Мой вывод прост, но кому он был интересен тогда или сейчас? «Замерзающий человек вовсе не капризничает, проявляя якобы неумение терпеть зимние неприятности. Замерзание – это никак не неприятность, не каприз и не изнеженность! Это – самая настоящая гибель организма, хотя и постепенная. Уговорами или приказами околевающего человека спасти невозможно! Его можно лишь отогреть! Да и то, лишь в том случае, если сделать это своевременно и умело!»
Но командование считало, будто отогревать никого не надо! Пусть сами акклиматизируются!

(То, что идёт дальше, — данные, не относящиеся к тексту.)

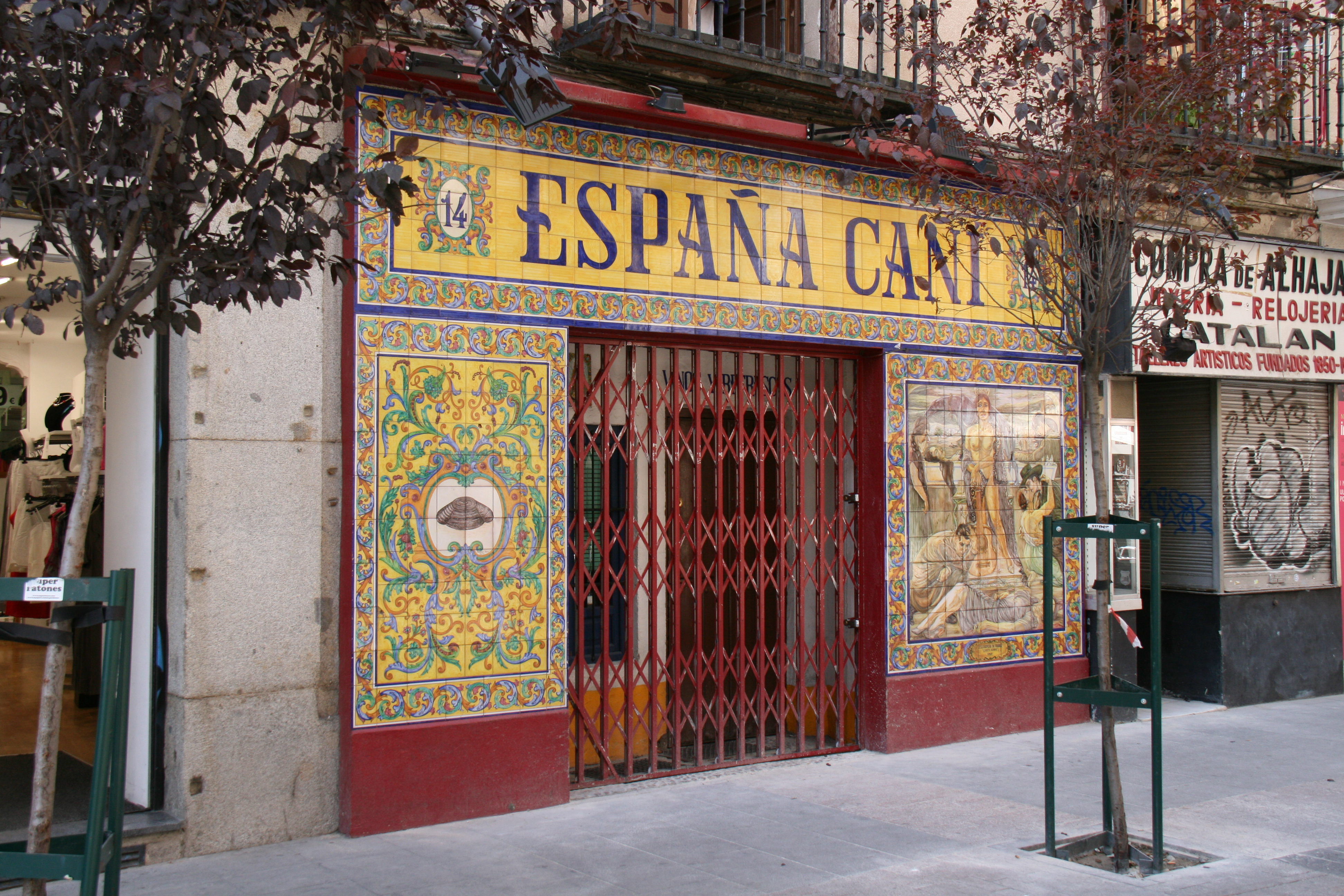 España Cañí (meaning "Gypsy Spain" in Spanish language)

Я тогда смутно догадался о такой постановке вопроса, потому и терпел систематическое переохлаждение, зарабатывая себе всяческие циститы и не только их. Иного выхода я не находил. Я терпел и приспосабливался, как мог, не видя иных вариантов. И ведь правильно поступал, как и сам оценил значительно позже, поскольку в то ужасное для меня время мой организм по собственной инициативе всё же приспосабливался к новым условиям существования. И постепенно я, действуя с ним заодно, достиг кое-каких успехов. Я стал меньше страдать от холода.
Действуя по собственной методике, я старался при любом морозе как можно дольше обходиться без перчаток. Я терпел, а тем временем замерзающие руки всё лучше приспосабливались к холоду. Так или иначе, но во вторую зиму я значительно меньше страдал от этого зла, нежели в первую.

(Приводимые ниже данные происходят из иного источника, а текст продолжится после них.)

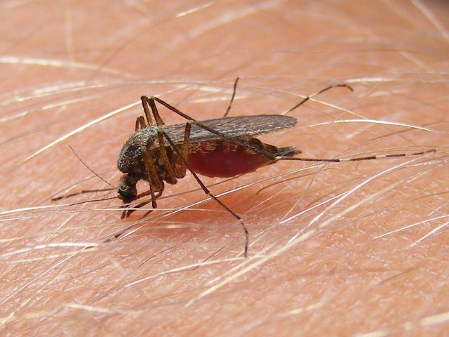 Theobaldia annulata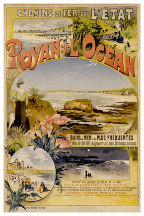 Poster of the Administration des chemins de fer de l'État (France); Royan Océan, France.

Да и как могло быть иначе, если даже в сорокоградусные морозы из казармы в столовую и обратно мы ходили без шинелей. Всегда! Наш путь, конечно, был не столь уж дальний, всего-то метров двести. Но пока весь курс вытянется из казармы, да построится на улице, а это сто тридцать человек, пока старшина произнесет ожидаемое всеми «Шагом марш!», то за такое время с непривычки можно и околеть, а ведь еще и до столовой следовало добраться.
Легко посчитать, что при нашей скорости пять километров в час на двести метров пути уходило две минуты и двадцать четыре секунды! Совсем не мало, если на сильном морозе! Так ведь и в столовую мы залетали не мгновенно, а строго по очереди, не гурьбой, как поступили бы на гражданке! Последние долго ждали передних.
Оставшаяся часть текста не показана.